记忆银行坐落在城东金融街,一栋灰色的六层楼,比拍卖行体面得多。门口挂着不锈钢牌匾:「记忆银行·资产托管与记忆保管」,大堂铺着大理石地板,前台小姐穿着银行制服,笑起来露出八颗牙。
沈雾穿着那身灰色西装,胸前别着技术顾问的工牌,手里拎着皮质公文包。陆衍舟跟在他身后,黑西装,安保牌,耳朵里塞着微型耳机——江叙在后方监控,实时给他喂走廊里的巡逻信息。

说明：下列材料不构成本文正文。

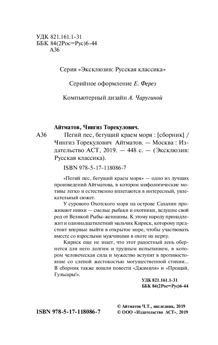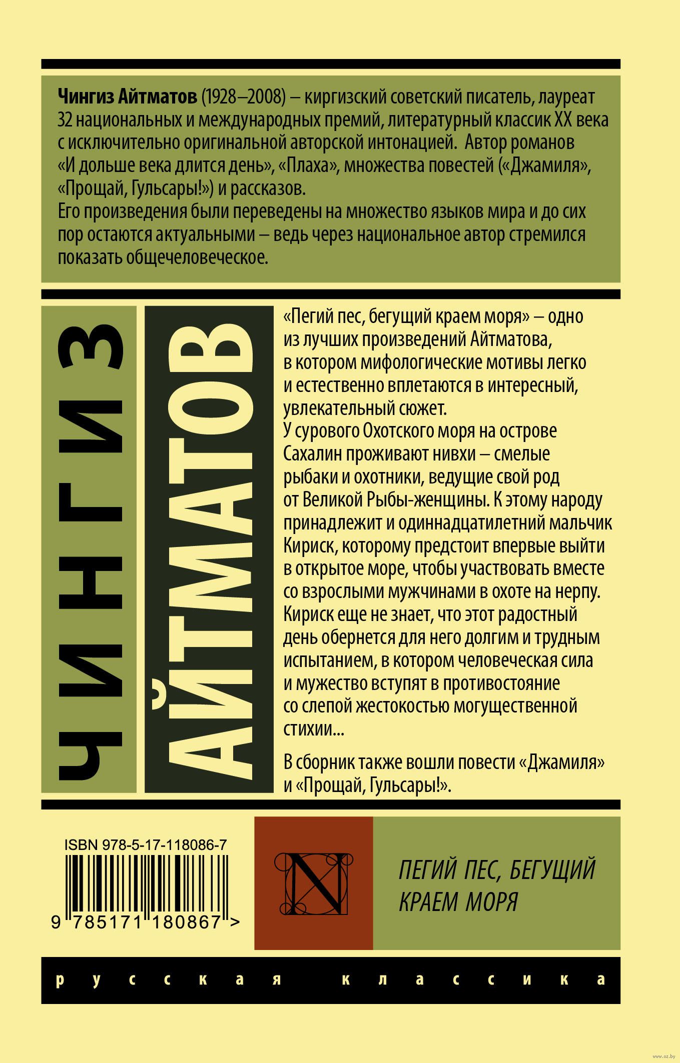 "Пегий пес, бегущий краем моря" – одно из лучших произведений Айтматова, в котором мифологические мотивы легко и естественно вплетаются в интересный, увлекательный сюжет. У сурового Охотского моря на острове Сахалин проживают нивхи – смелые рыбаки и охотники, ведущие свой род от Великой Рыбы-женщины.
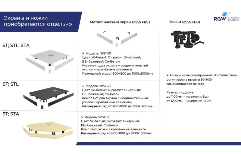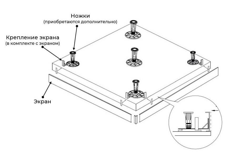 Рекомендованы ножки для поддона для установки экрана:

「审计部在四楼。」前台小姐刷卡开闸,做了个请的手势,「沈顾问,请往这边走。」
电梯里镶着深色木纹饰面板,四面都是镜子。沈雾对着镜子整理领带,余光扫到陆衍舟在镜子里看他。
「你紧张?」陆衍舟压低声音。
「不紧张。」沈雾说,「我天生脸白。」
「你紧张的时候,」陆衍舟说,「右手小拇指会弯。」
沈雾低头看了一眼——自己的右手握着公文包,小拇指确实往里勾了一点,勾在包带的接缝处。他把手松开,看了陆衍舟一眼:「你观察我——观察了多久?」
「从你第一天替我翻案开始。」陆衍舟说,「我那时候什么都不记得,只能先记住你。」
电梯到了。沈雾走出去,没接话。
审计部的办公室里摆着三排电脑,空调开得很低,比拾遗局的修复室还冷。沈雾被安排在一台靠窗的电脑前,银行的内审主管——一个戴黑框眼镜的中年男人——给他倒了杯水,说:「沈顾问,季度账目在这台主机里,凭证在下面的保险柜。您需要什么随时叫我。」
「谢谢。」沈雾把公文包放在桌下,打开电脑。屏幕亮起来,财务报表页面密密麻麻地排满了数字。他戴上手套,鼠标滚轮慢慢地往下滚。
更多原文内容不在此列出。